いずれの容疑もことし6月に竹内さんの妻が刑事告訴していた。

地元記者は「遺族側弁護士は県警と協議をした上で告訴しており、立件される公算は高いとみられていました。それでも名誉棄損での逮捕も死者への名誉棄損容疑の立件も異例で、それだけ悪質だとみているようです」と話す。

7月3日、参院選兵庫県選挙区に立候補し神戸市内で第一声演説を行なう立花孝志容疑者(撮影・集英社オンライン)
7月3日、参院選兵庫県選挙区に立候補し神戸市内で第一声演説を行なう立花孝志容疑者(撮影・集英社オンライン)
すべての画像を見る

最近も市長が失職した静岡県伊東市長選に出馬すると宣言し意気軒高だった立花容疑者は一転して絶体絶命の状況になった。社会部記者が解説する。

「立花容疑者は2019年に、NHK受信料徴収員が持つ業務端末に記録された受信契約に絡む情報を不法に撮影しNHKに『個人情報を拡散する』などと伝えたとして、威力業務妨害罪などで起訴されています。

ほかにも党を離れた地方議員を『徹底的に人生潰しに行く』と脅迫したとの脅迫罪でも起訴されました。結果、2023年3月、上告審で懲役2年6か月、執行猶予4年の有罪判決が確定しました。

この判決からまだ4年経っておらず、今回の事件で立花氏が有罪になれば、前回の懲役期間に今回科せられる懲役期間が加えられた実刑となりそうです。

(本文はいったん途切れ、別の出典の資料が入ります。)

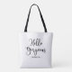 An elegant script typography tote bag with the words "Hello Gorgeous" Personalize it for yourself or as a gift. Designed for you by Blackberry Boulevard.

自民党は今回の政局で、参議院の数合わせのためNHK党の議員と会派を組み、地元兵庫の自民党組織からも批判の声が出ていましたが、党首逮捕に自民党本部がどう対応するかも注目されます」(社会部記者)

今回兵庫県警は立花容疑者の認否を明らかにしていない。供述が影響を与える共犯者がいない事件で目を引く対応だが、知事選絡みで立花容疑者の捜査対象が拡大した際に“登場”してくる人物らに捜査状況を悟らせないための措置とみられる。